Written by: 21st November 2016

Estimated time to read: 6 minutes


Researching your family tree can be a fascinating and enlightening process to help you gain a better understand of who you are. Our Marketing Manager’s story was particularly interesting…

I’d known countless friends who had researched their family trees and heard what a hard and laborious task it was. My brother in law for instance spent over a year researching the origins of his family, tracing them back to the early 1800s with very little scandal uncovered.

However, I’d always been fascinated to know where my family had come from. After all, our family is a major influence on who we are as people and surely tracing the origins of my family would help to explain why I have ended up where I am today.

Clearly the BBC series ‘Who Do You Think You Are?’ has similarly inspired countless people across the county to research their family trees. So, with the new series of the show starting this week, I thought I’d share with you the fascinating tales I uncovered during my own research process which includes Oliver Cromwell and a stunning Castle in Ireland.


Starting the Process


My brother in law had forewarned me about the time and effort which would be required in order to start the family tree crafting process. He recommended subscribing to Ancestry.co.uk which is a truly fantastic resource containing census records, birth/marriage/death certificates and much more. This of course saves you significant time and effort which would be required travelling to record offices around the country or perhaps even beyond, depending on where your journey to uncover your family tree takes you.

Another great feature about the Ancestry.co.uk website is that you can view family trees that other members have made available to the public. This means that when you are researching your tree, you will be notified when there is someone else who has a person in their own family tree who matches an individual in your own. The degree of success with this can vary greatly, as there will obviously be multiple people with the same names who will have been born on the same day.

Luckily for me, this nice little feature worked perfectly and when I clicked through to look into a match which had been recommended for me, I discovered that a distant family member had already done all of the research for me; much to my brother in law’s annoyance.

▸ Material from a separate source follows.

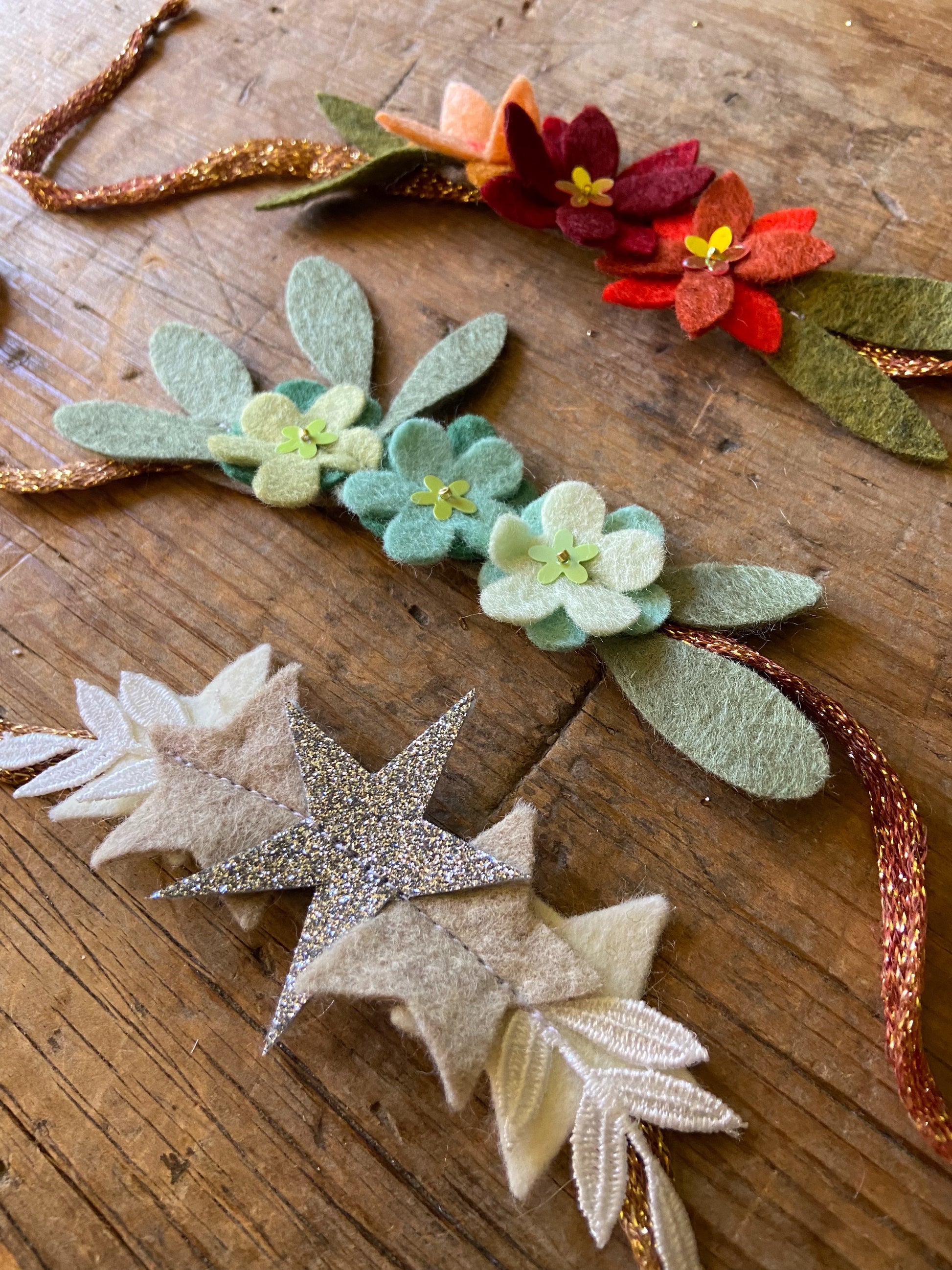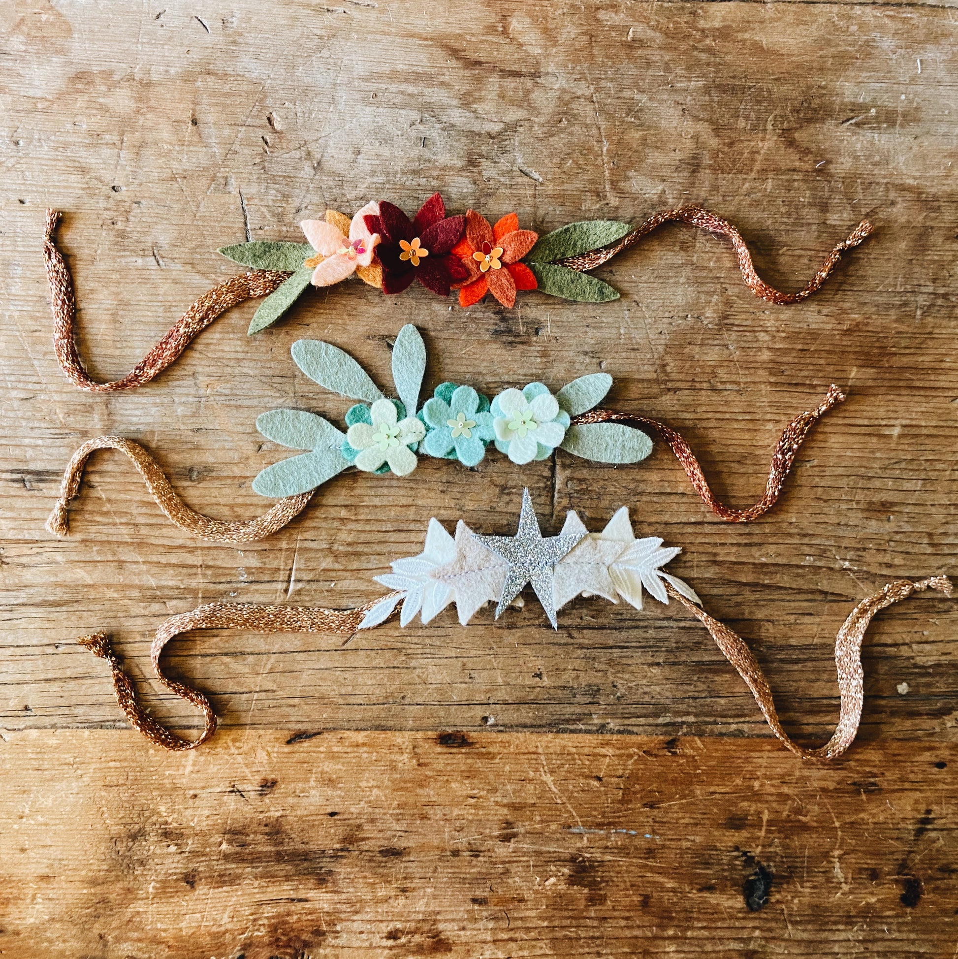 Each crown is sewn from beautiful lace or trim and felt flowers or stars. They fit perfectly on all pixies, petal pixies, and Forest Friends.

Oliver Cromwell & General John Lambert


General John Lambert

General John Lambert – Second in command to Oliver Cromwell during the English Civil War

My distant relative, who was a descendant of one of my family members from the early 1900s, had research the Lambert family tree all the way back to the Doomsday Book and I was absolutely overawed to discover that my family were closely associated with nobility in the middle ages and often frequented royalty and politicians alike; quite different from my own origins in a sleepy little village in North Wales.

One of the most fascinating discoveries was that I was a direct descendant of General John Lambert who played a vital part in the English Civil War between 1642 and 1651. This was a battle between the Parliamentarians and the Royalists as descent grew over the manner of our country’s rule. It resulted in the replacement of the English Monarchy with governance structure under the rules of Parliamentarian leader Oliver Cromwell.

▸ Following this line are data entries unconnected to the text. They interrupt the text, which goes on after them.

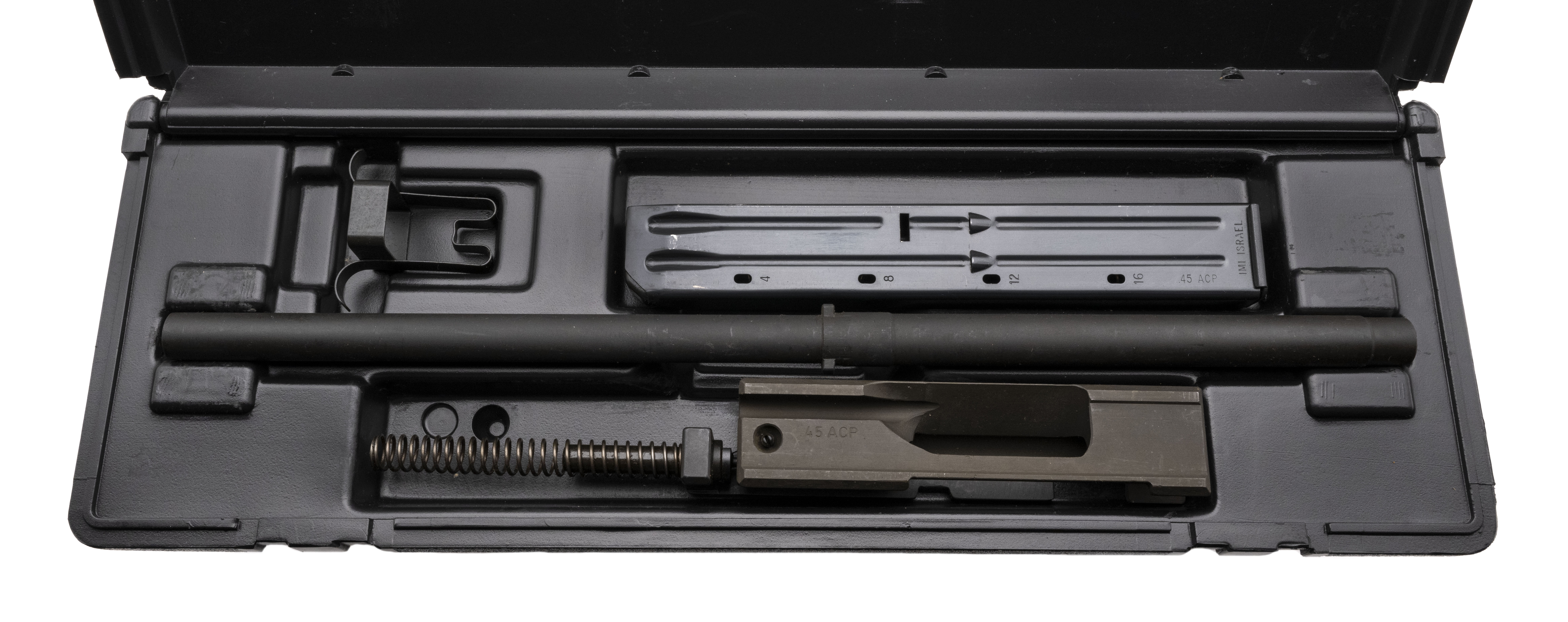 Uzi .45 ACP complete conversion kit with a 16" barrel. Overall condition is very good. Comes with case. (Consignment)
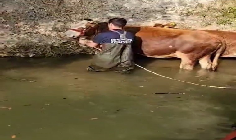 Şilede dereye düşen 4 büyükbaş kurtarıldı
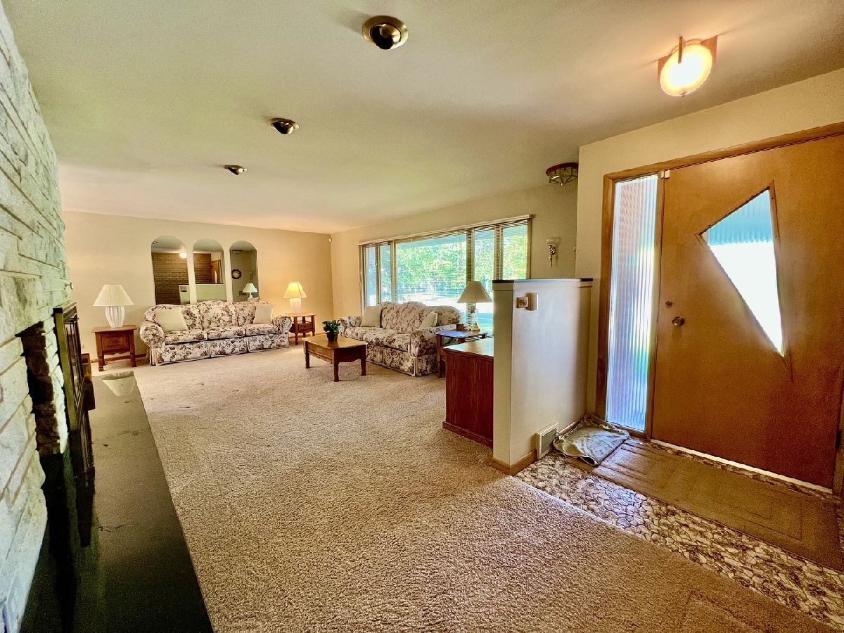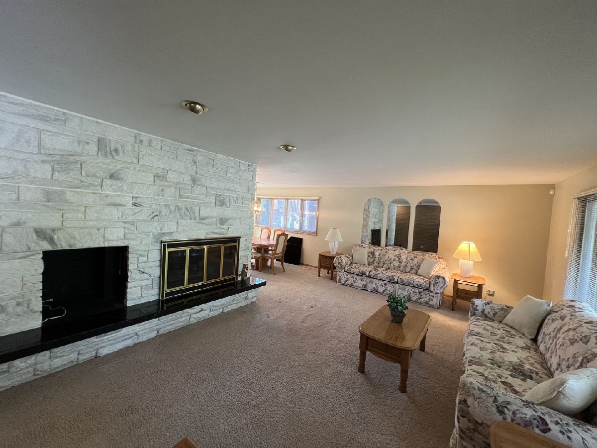 Custom built 1967 mid-century gem. First time ever on the market!! Includes one-of-a-kind, custom built white marble fireplace with black marble hearth on main level. much attention to detail in this beautiful home. 3 bedrooms plus 1 in the basement. 2 baths on the first floor plus additional large family room with built in bar, 1/2 bath, bedroom with walk-in closet, extra large storage/laundry room in the basement. Gorgeous additional brick fireplace in the basement. Nice kitchen with oak cabinets and space for a table. Hardwood under most carpet. Pretty yard with large patio. One of the baths was remodeled. Nice concrete stamped driveway. Move in and enjoy this beautiful home with a perfect walk to Metra/town location. Fremd highschool, Plum Grove Junior High and Stuart Paddock school district! Roof under 10 years old-Furnace-HW heater 2011-A/C 2012. Lot dimensions are approximate.
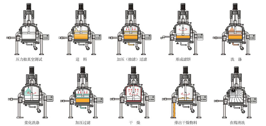 該過(guò)濾、洗滌、干燥 “三合一設備”,可以同時(shí)替代過(guò)濾及干燥設備(抽濾器、壓濾器、雙錐干燥器、干燥箱等) 。在同一臺設備內完成過(guò)濾、洗滌、干燥、固體卸料全過(guò)程。廣泛應用于醫藥、化工、農藥、食品等行業(yè),是過(guò)濾干燥的一體化設備 ??蓪?shí)現全封閉、全過(guò)程的連續操作生產(chǎn),更適應于無(wú)菌要求的產(chǎn)品及有毒產(chǎn)品的生產(chǎn)。
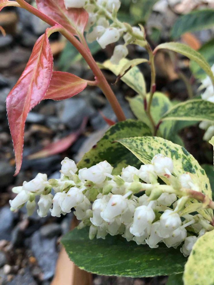 初めてお迎えしたイワナンテンレインボー たくさんの壺型の花が咲きました カラーリーフとしても綺麗です💕
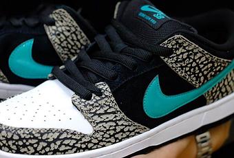 On retrouve le très réussi combo cuir, suede et empiècement printé Elephant, teinté avec les couleurs traditionnels du coloris, c’est à dire le blanc, le noir et le clear jade. Le shape musclé de la SB Dunk Low accueille à merveille le combo de ce mythique coloris. Cette nouvelle Nike SB Dunk Low Atmos Elephant verra le jour en novembre prochain sur le Nike Store.
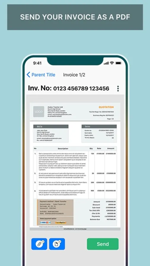 • Create and send invoices as PDF attachments via email
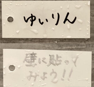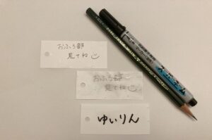 「油性ペンだから、水に良くない」当たり前だけど、書いてみたら、文字の色がどんどんと薄くなっていってしまった。悲しい…。書けるには、書けたのだけどね。(笑)

My relative General John Lambert became second in command to Cromwell towards the end of the Civil War on the back of his military success which included the famous Battle of Preston and also the siege of Pontefract Castle. This also resulted in him being appointed Commander of the War in Scotland in 1650 where he was tasked with settling the affairs of country upon the triumph of the Parliamentarians.

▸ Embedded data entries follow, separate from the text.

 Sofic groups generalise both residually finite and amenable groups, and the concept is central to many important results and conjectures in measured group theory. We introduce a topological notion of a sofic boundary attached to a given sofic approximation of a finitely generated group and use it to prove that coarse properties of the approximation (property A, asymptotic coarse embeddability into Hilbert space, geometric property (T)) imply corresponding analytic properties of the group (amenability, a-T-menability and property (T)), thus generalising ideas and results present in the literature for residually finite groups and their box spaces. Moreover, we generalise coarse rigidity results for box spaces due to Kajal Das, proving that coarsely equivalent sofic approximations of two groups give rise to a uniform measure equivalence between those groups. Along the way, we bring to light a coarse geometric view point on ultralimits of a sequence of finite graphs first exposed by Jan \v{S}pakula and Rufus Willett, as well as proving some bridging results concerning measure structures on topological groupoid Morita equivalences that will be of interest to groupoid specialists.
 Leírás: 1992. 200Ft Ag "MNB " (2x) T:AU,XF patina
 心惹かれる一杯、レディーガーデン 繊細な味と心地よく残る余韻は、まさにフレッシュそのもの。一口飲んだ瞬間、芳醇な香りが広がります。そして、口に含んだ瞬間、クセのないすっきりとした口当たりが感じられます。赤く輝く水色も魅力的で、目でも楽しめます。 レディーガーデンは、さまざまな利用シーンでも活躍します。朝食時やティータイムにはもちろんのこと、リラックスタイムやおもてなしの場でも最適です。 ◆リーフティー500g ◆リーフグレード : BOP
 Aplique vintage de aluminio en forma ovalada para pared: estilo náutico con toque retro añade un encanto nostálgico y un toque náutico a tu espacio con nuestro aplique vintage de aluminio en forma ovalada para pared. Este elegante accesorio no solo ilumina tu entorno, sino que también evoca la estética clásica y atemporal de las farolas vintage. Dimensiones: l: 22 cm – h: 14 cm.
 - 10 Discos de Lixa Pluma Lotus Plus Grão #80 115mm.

It wasn’t all plain sailing for the General though, who had a major falling out with Cromwell on the back of suggestions that he was a major rival for leadership of the Parliamentarians on account of his strong support from the army. This led to Lambert refusing to take the Oath of Allegiance to the Protector and the bitter feud ultimately resulted in him being deprived of his commissions. He was later restored to authority after reconciliation with Richard Cromwell (the Protector and Oliver Cromwell’s son), this was largely as a result of Cromwell’s inability to command the army in light of a renewed threat from the Royalists and George Monck, who was in command of the English forces in Scotland.

King Charles II

King Charles II – Sent Lambert to the Tower of London in 1660

Monck defeated General Lambert’s army and marched onto London unopposed, leading to the restoration of King Charles II to power. Lambert was sent to the Tower of London in 1660 from where he courageously managed to escape one month later when he descended from the Tower via a silk rope according to accounts at the time. He attempted to rekindle the civil war upon his escape by rallying the troops but was ultimately recaptured and sent to Castle Cornet on the Isle of Guernsey charged with High Treason. He was later transferred to Drake’s Island in Plymouth Sound where he died during the severe winter of 1683-84 at the age of 65.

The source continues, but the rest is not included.